— Да ладно, просто бабки предъявите, — заявил Щербина. — И вперед.
— Деньги при вас? — поинтересовался Краюшкин.
— Нет, конечно, — ответил Говоров. — Я не думал, что можно вот так, сразу.
— Почему нет?
— А подготовка? Неужели все настолько просто?
— Совсем не просто, но вполне доступно. Если хотите, я покажу вам аппаратуру. Донору будет полезно подготовиться к процедуре заранее.
— Ну, пойдем, — с легким испугом в глазах заявил Щербина. — Может, оно мне и не надо?
Говоров поморщился. За тот неполный день, что он был знаком с потенциальным донором, Щербина успел ему порядком надоесть.
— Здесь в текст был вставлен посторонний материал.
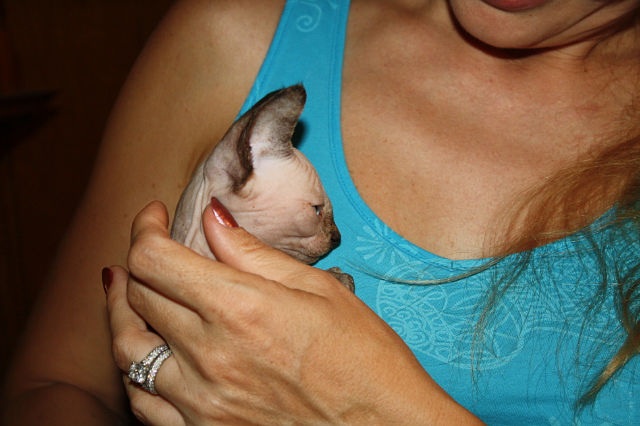 мне нравится такой сфинкс! голубые глазки! не линяет! наверео нет аллергиина нее? или всетаки аллергики на кожу кошек реагируют?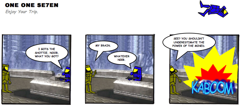 On April 30, 2003, Stuntmutt began turning in episodes of a new comic known as One One Se7en. We'll present them here, in the order in which they were submitted, as they come in. New submissions were added Monday, Wednesday, and Friday. On March 3, 2008, One One Se7en was retired from regular releases - Stunt's life got a tad too busy for 3 strips per week. (He still comes by with new content when the situation arises, however.)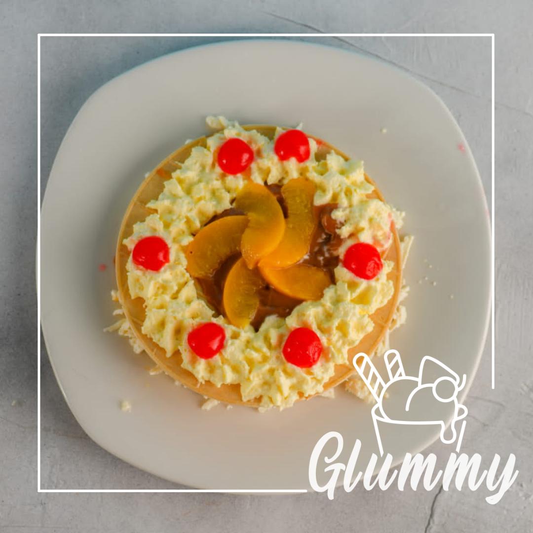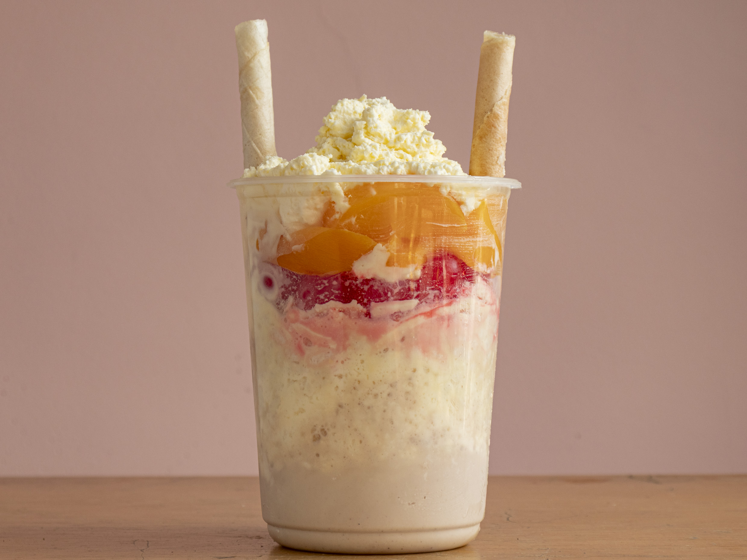 Oblea, durazno, cereza, arequipe, queso y chantillí.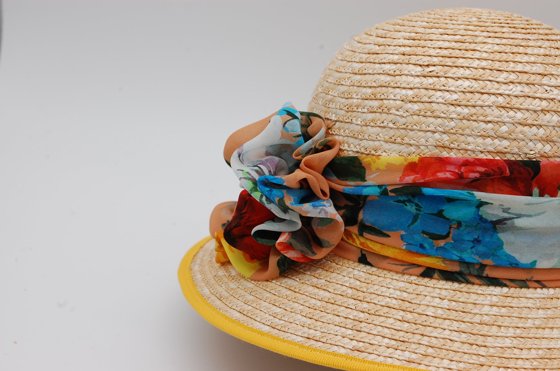 Modello Anni 30 paglia di Firenze con fiocco in tessuto chiffon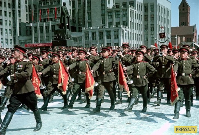 Военный оркестр на параде, приуроченном к празднованию 1-го Мая на площади Ленина (в настоящем времени Независимости).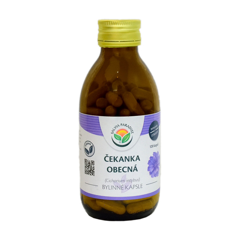 Kapsułki ziołowe wykonane z drobno zmielonego korzenia cykorii. Cykoria pospolita to bylina osiągająca wysokość do 120 cm. Dzięki pięknym fioletowym kwiatostanom można ją również zobaczyć w ogrodach ozdobnych. Część kolekcjonowania to cała roślina – korzeń, łodyga i kwiat. Korzeń zbiera się jesienią.

Или раздражение вызывали не повадки и высказывания уголовника, а неосознанное чувство вины, которое испытывал сам Альберт Игоревич? Вроде бы ничего особенного Щербина не говорил. Только смотрел иногда многозначительно, и жесты его были еще красноречивее слов. А по поведению казалось, что Говорова он одновременно презирает и боится, хочет обмануть, но не знает как.
Изобретатель привел посетителей в небольшую комнату с множеством аппаратуры и двумя кожаными креслами. Но в первую очередь в глаза бросались не кресла и не аппаратура, а стены комнаты. Они были обшиты красными медными листами.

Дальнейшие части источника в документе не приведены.